**About this exercise:** Below are the records; copy exactly the lines from the first through the one containing "不使用AI的线上线下医疗服务", both included, and leave out the pictures.

**Provided information:**
.....
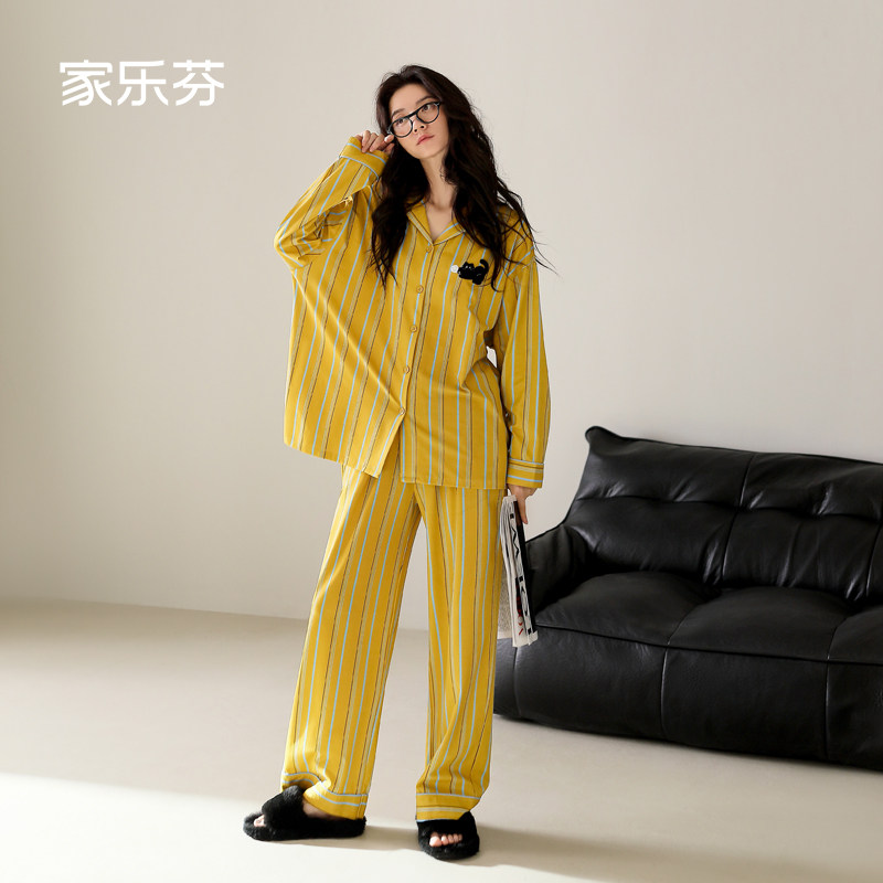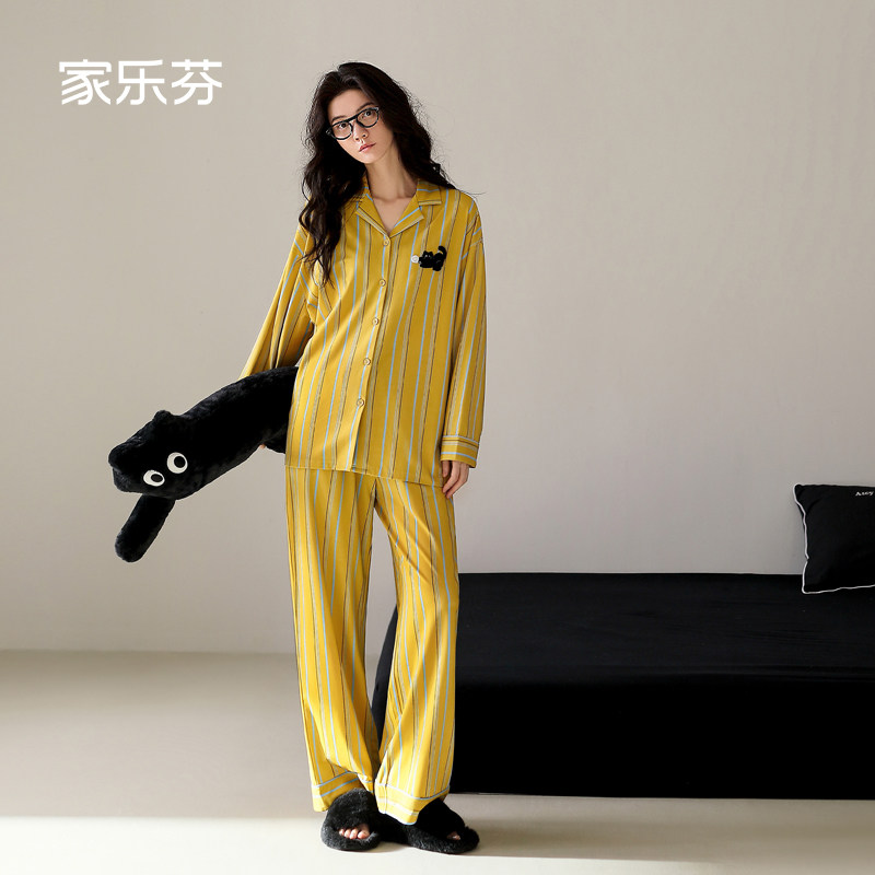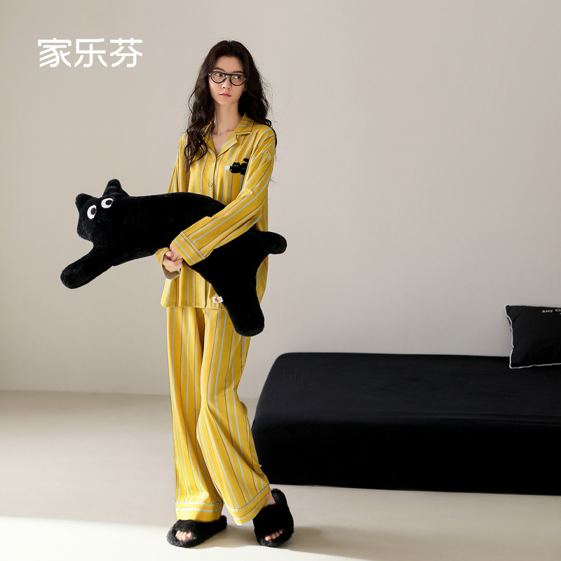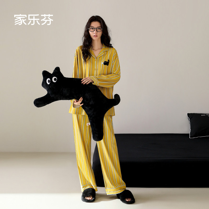 家乐芬睡衣女士春秋季纯棉长袖家居服小黑猫印花条纹时尚开衫套装
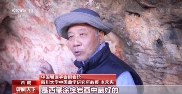 中国岩画学会副会长 四川大学中国藏学研究所教授 李永宪:反映的是狩猎,就是人和动物的互动,动物刻画非常生动,可以说在绘画水平上来讲的话,是西藏涂绘岩画中最好的。
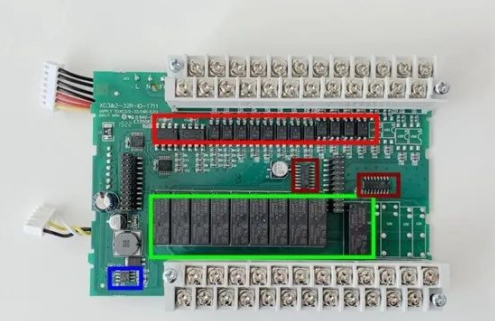 其次,這 IO 接口板上我們也可以發(fā)現(xiàn)此 PLC 是基于繼電器的輸出,這里的話采用的歐姆龍的繼電器(型號(hào)為 G5NB-1A-E-DC24<綠色>
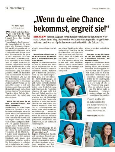 Interview. Verena Eugster, neue Bundesvorsitzende der Jungen Wirtschaft, über ihren Weg, Netzwerke, Herausforderungen für junge Unternehmen und warum Optimismus entscheidend für die Zukunft ist.
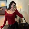 2026 Spring/Autumn Pure Desire One-Shoulder Strappy Long Sleeve Top - Casual & Versatile
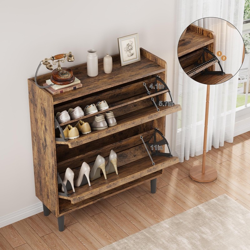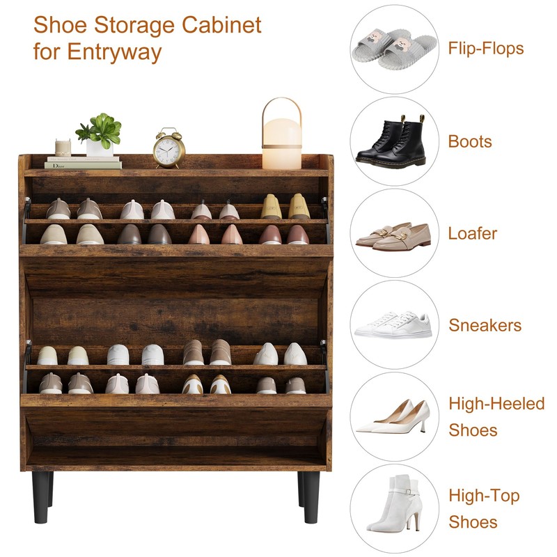 - STURDY STRUCTURE: Constructed from high-quality MDF engineered wood, this shoe cabinet guarantees strength and durability. Its thick waterproof desktop provides excellent stability with a load-bearing capacity of 25 pounds, while each interior layer is designed to support up to 12 pounds, ensuring ample support for your footwear
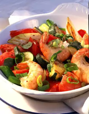 Remove from the pan. Fry the zucchini and leek onion pieces in the frying fat. Add tomatoes and braise for about 10 minutes. Season vegetables with salt, pepper and oregano. Add shrimps shortly before the end of the cooking time and heat up again. Sprinkle with spring onion rings shortly before serving
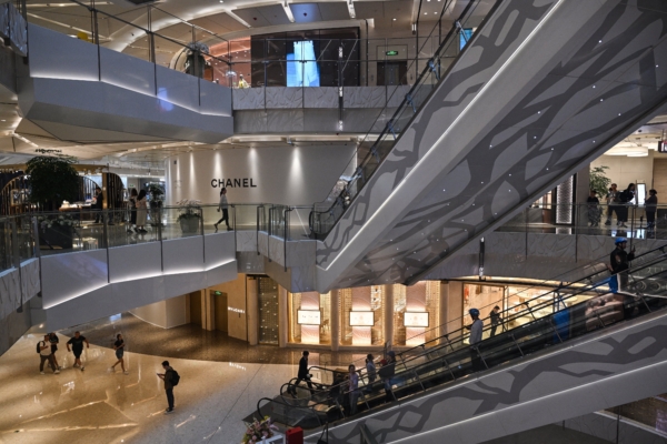 圖為2024年6月5日,人們在上海陸家嘴金融區的一家購物中心購物。(Hector Retamal/AFP via Getty Images)
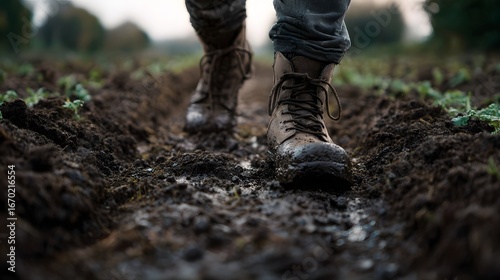 Boots traversing through muddy garden rows
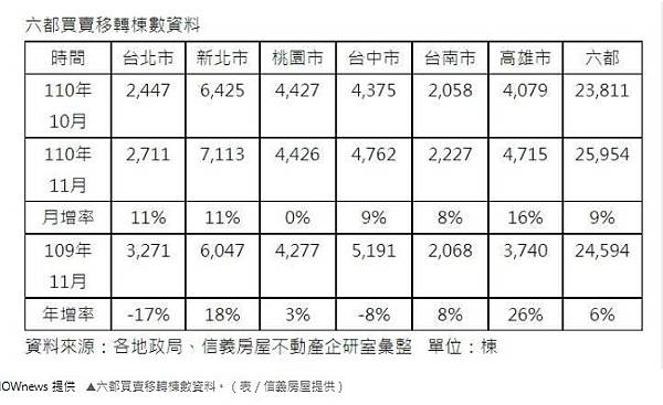 根據六都公告資料,台北市11月移轉棟數2711棟,月增11%,但年減17%;新北11月移轉棟數7113棟,月增11%,年增18%,其中又以三重區、林口區、板橋區增加較多;桃園市則是4426棟,月持平但年微增3%;台中市則是4762棟,月增9%,但年減8%;台南市11月移轉棟數2227棟,月增8%,且年增8%;高雄市則是11月拉高至4715棟,反映當地房市交易大幅增溫,移轉棟數增幅位居六都之冠,月增16%,且年增26%。
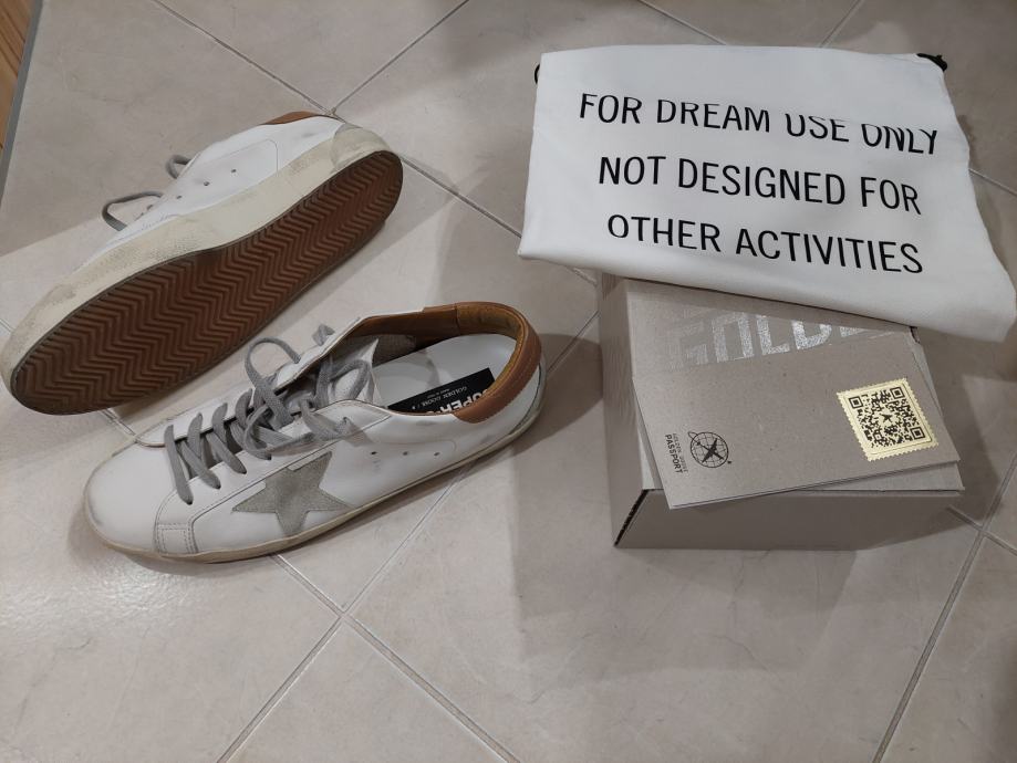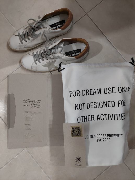 Prodajem Golden goose super-star tenisice muške, broj 45. Tenisice su originalne i kupljene u XYZ trgovini u Zagrebu, te posjedujem račun. Nošene su svega nekoliko puta i odlično uščuvane (kao nove) što je vidljivo na fotografijama.
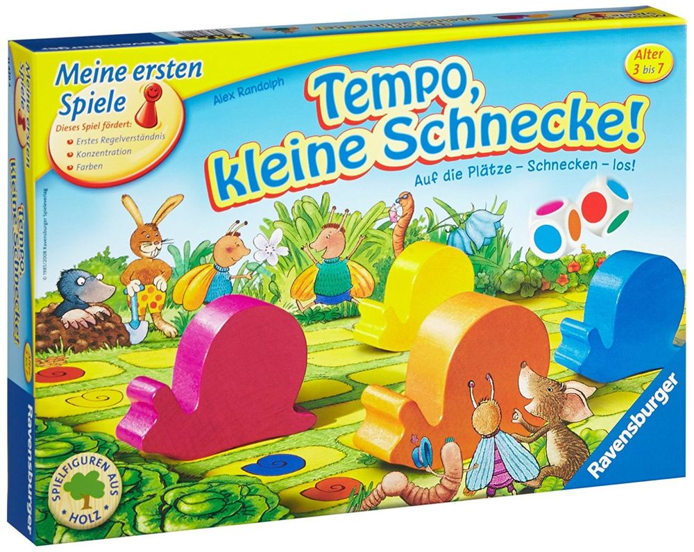 Mit Tempo, kleine Schnecke wird das Farbenlernen zu einem riesigen Spaß! Das Brettspiel für die Kleinsten ab 3 Jahren eignet sich zudem auch sehr gut, um erste Spielregeln zu erlernen.
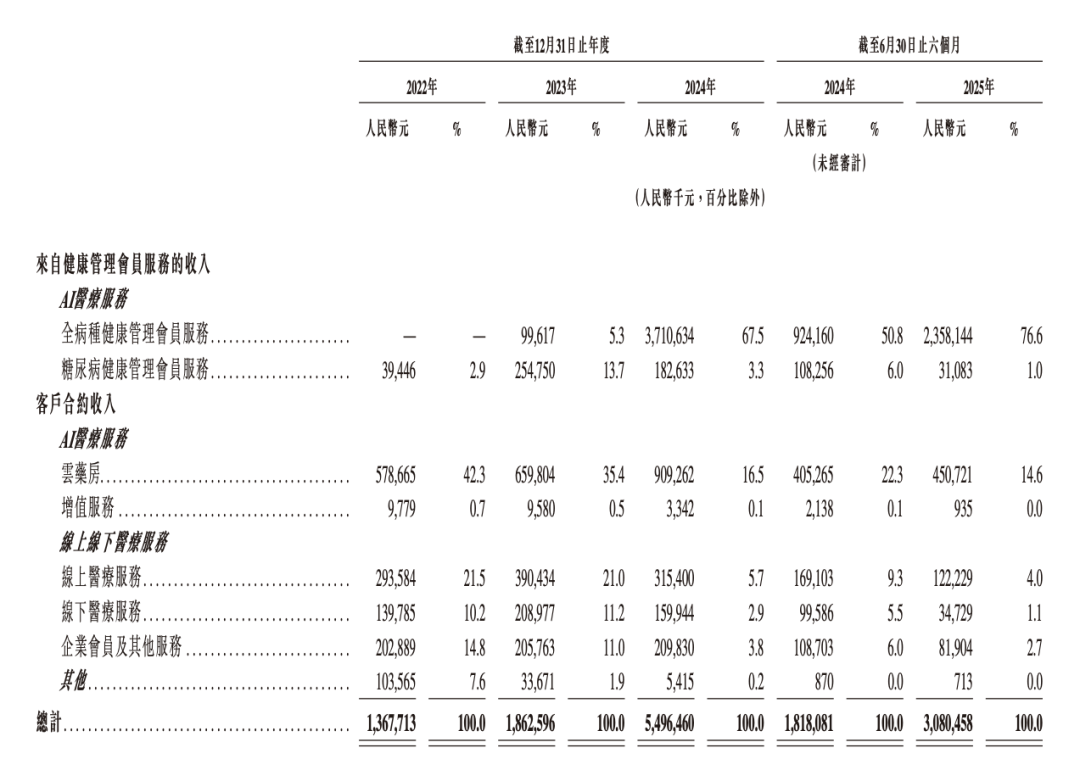不使用AI的线上线下医疗服务业务的同期毛利率相对较高,但该业务在2025年上半年的收入占比不到8%,而且业务规模在报告期内还出现了不同程度的缩水。因此,尽管线上线下医疗服务业务的盈利能力尚可,但受近两年收入缩水的影响,仍对公司整体业绩构成拖累。
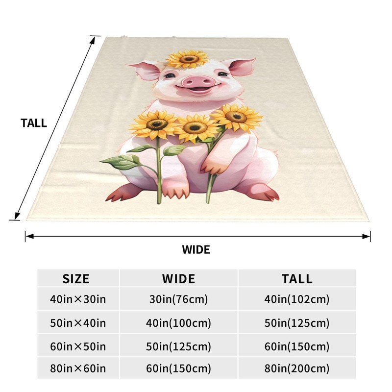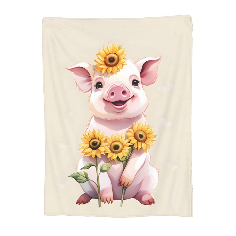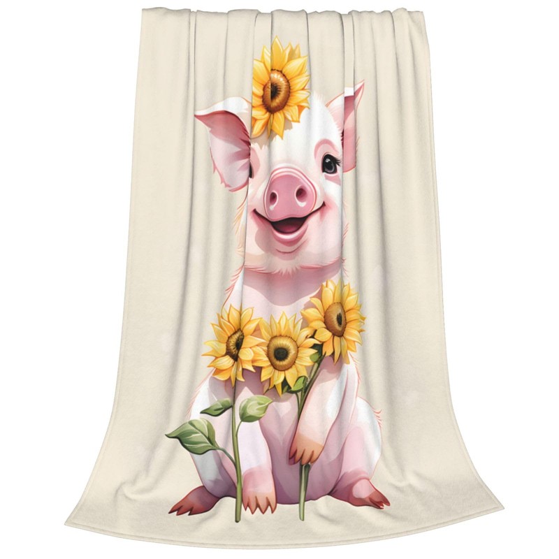 amepay Cute Pig Sunflower Blanket Gifts for Adults Kids Cartoon Piggy Piglet Flannel Throw Blankets Soft Comfy Lightweight for Home Decor Couch Bed Sofa 60x50 Inches
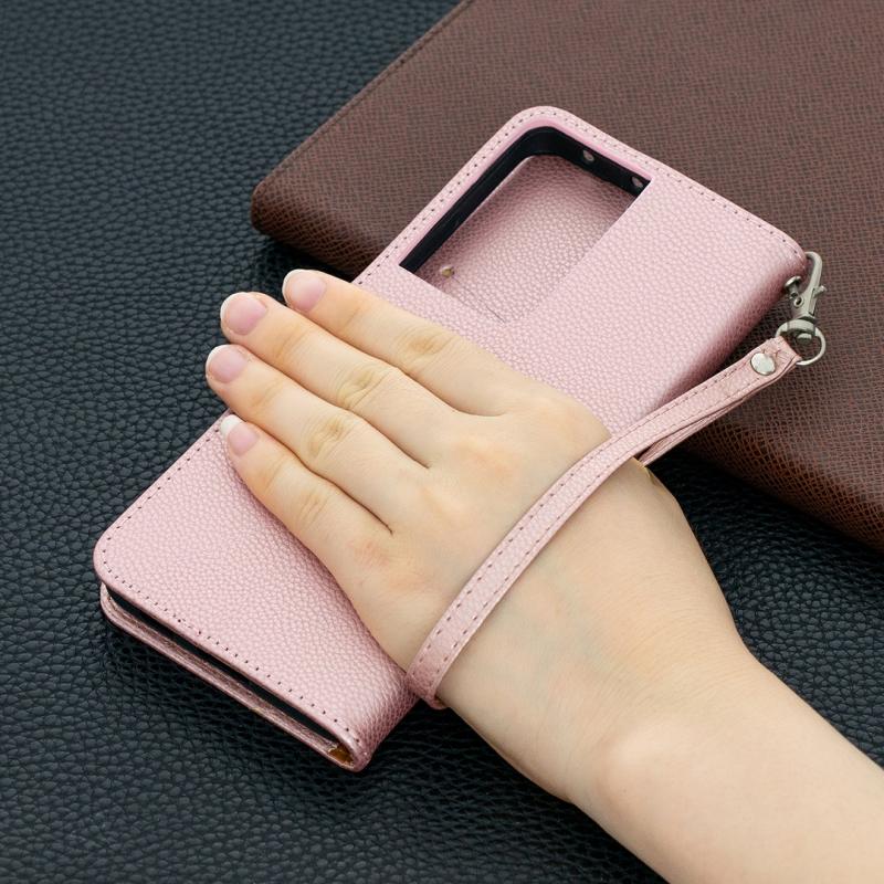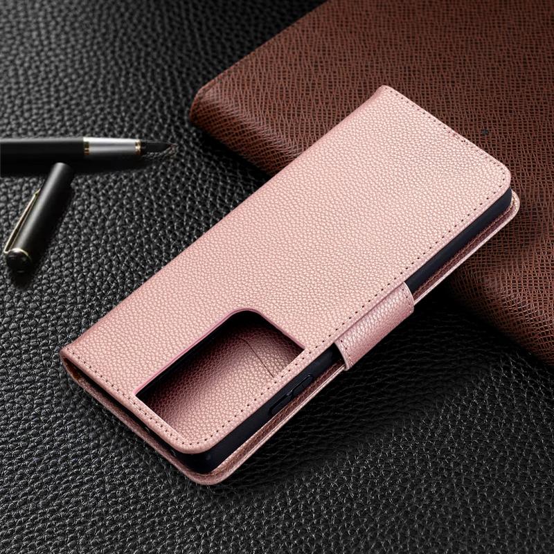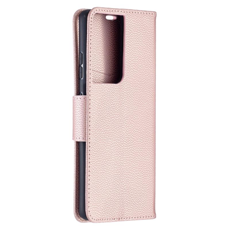 For Samsung Galaxy S21 Ultra 5G Litchi Texture Pure Color Horizontal Flip Leather Case with Holder & Card Slots & Wallet & Lanyard(Rose Gold)
.....
**Solution to this task:**
 家乐芬睡衣女士春秋季纯棉长袖家居服小黑猫印花条纹时尚开衫套装
 中国岩画学会副会长 四川大学中国藏学研究所教授 李永宪:反映的是狩猎,就是人和动物的互动,动物刻画非常生动,可以说在绘画水平上来讲的话,是西藏涂绘岩画中最好的。
 其次,這 IO 接口板上我們也可以發(fā)現(xiàn)此 PLC 是基于繼電器的輸出,這里的話采用的歐姆龍的繼電器(型號(hào)為 G5NB-1A-E-DC24<綠色>
 Interview. Verena Eugster, neue Bundesvorsitzende der Jungen Wirtschaft, über ihren Weg, Netzwerke, Herausforderungen für junge Unternehmen und warum Optimismus entscheidend für die Zukunft ist.
 2026 Spring/Autumn Pure Desire One-Shoulder Strappy Long Sleeve Top - Casual & Versatile
 - STURDY STRUCTURE: Constructed from high-quality MDF engineered wood, this shoe cabinet guarantees strength and durability. Its thick waterproof desktop provides excellent stability with a load-bearing capacity of 25 pounds, while each interior layer is designed to support up to 12 pounds, ensuring ample support for your footwear
 Remove from the pan. Fry the zucchini and leek onion pieces in the frying fat. Add tomatoes and braise for about 10 minutes. Season vegetables with salt, pepper and oregano. Add shrimps shortly before the end of the cooking time and heat up again. Sprinkle with spring onion rings shortly before serving
 圖為2024年6月5日,人們在上海陸家嘴金融區的一家購物中心購物。(Hector Retamal/AFP via Getty Images)
 Boots traversing through muddy garden rows
 根據六都公告資料,台北市11月移轉棟數2711棟,月增11%,但年減17%;新北11月移轉棟數7113棟,月增11%,年增18%,其中又以三重區、林口區、板橋區增加較多;桃園市則是4426棟,月持平但年微增3%;台中市則是4762棟,月增9%,但年減8%;台南市11月移轉棟數2227棟,月增8%,且年增8%;高雄市則是11月拉高至4715棟,反映當地房市交易大幅增溫,移轉棟數增幅位居六都之冠,月增16%,且年增26%。
 Prodajem Golden goose super-star tenisice muške, broj 45. Tenisice su originalne i kupljene u XYZ trgovini u Zagrebu, te posjedujem račun. Nošene su svega nekoliko puta i odlično uščuvane (kao nove) što je vidljivo na fotografijama.
 Mit Tempo, kleine Schnecke wird das Farbenlernen zu einem riesigen Spaß! Das Brettspiel für die Kleinsten ab 3 Jahren eignet sich zudem auch sehr gut, um erste Spielregeln zu erlernen.
不使用AI的线上线下医疗服务业务的同期毛利率相对较高,但该业务在2025年上半年的收入占比不到8%,而且业务规模在报告期内还出现了不同程度的缩水。因此,尽管线上线下医疗服务业务的盈利能力尚可,但受近两年收入缩水的影响,仍对公司整体业绩构成拖累。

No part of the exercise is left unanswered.